PROBLEM REQUIREMENTS → Using the listing below, print exactly everything from the line with "Plery R624 4g" down to the line with "Виноградинки на шпажках", both included, and nothing more.

EXTRACTED INFORMATION →
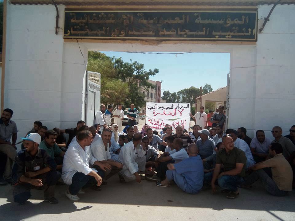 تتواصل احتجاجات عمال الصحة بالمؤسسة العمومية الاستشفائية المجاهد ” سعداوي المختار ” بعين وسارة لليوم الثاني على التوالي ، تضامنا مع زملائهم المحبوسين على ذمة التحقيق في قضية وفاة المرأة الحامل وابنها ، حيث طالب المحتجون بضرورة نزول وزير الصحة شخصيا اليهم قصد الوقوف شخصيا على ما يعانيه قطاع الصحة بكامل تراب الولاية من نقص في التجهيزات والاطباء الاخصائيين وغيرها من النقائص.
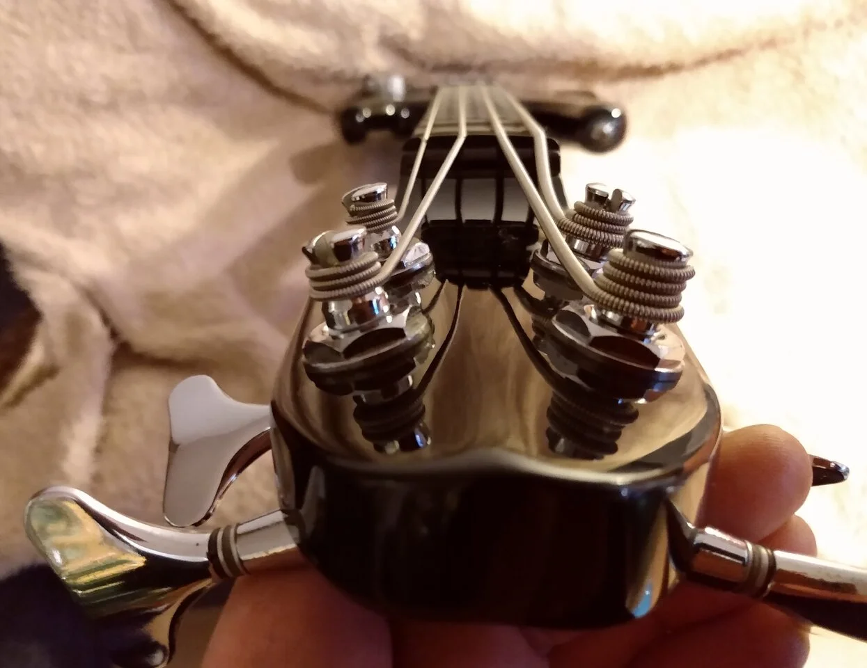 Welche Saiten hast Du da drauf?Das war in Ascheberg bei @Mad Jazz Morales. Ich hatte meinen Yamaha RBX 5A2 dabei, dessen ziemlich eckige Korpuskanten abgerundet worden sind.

---

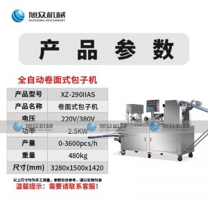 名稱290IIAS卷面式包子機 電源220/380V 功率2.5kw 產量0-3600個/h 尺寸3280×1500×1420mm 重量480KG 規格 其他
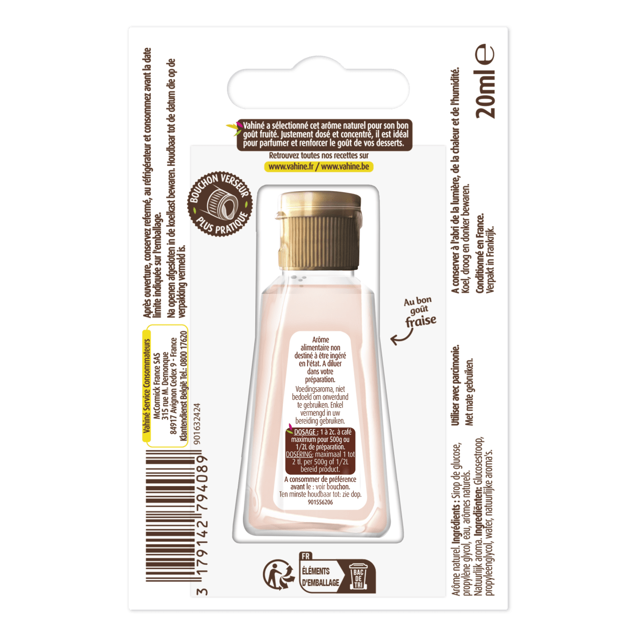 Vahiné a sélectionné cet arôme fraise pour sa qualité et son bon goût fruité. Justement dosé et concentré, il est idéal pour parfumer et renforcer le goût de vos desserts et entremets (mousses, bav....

* * *

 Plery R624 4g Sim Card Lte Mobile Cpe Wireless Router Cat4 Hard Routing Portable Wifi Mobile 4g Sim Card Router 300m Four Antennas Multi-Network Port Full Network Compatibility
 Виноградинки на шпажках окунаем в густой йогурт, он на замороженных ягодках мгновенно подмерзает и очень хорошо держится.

SOLUTION →
 Plery R624 4g Sim Card Lte Mobile Cpe Wireless Router Cat4 Hard Routing Portable Wifi Mobile 4g Sim Card Router 300m Four Antennas Multi-Network Port Full Network Compatibility
 Виноградинки на шпажках окунаем в густой йогурт, он на замороженных ягодках мгновенно подмерзает и очень хорошо держится.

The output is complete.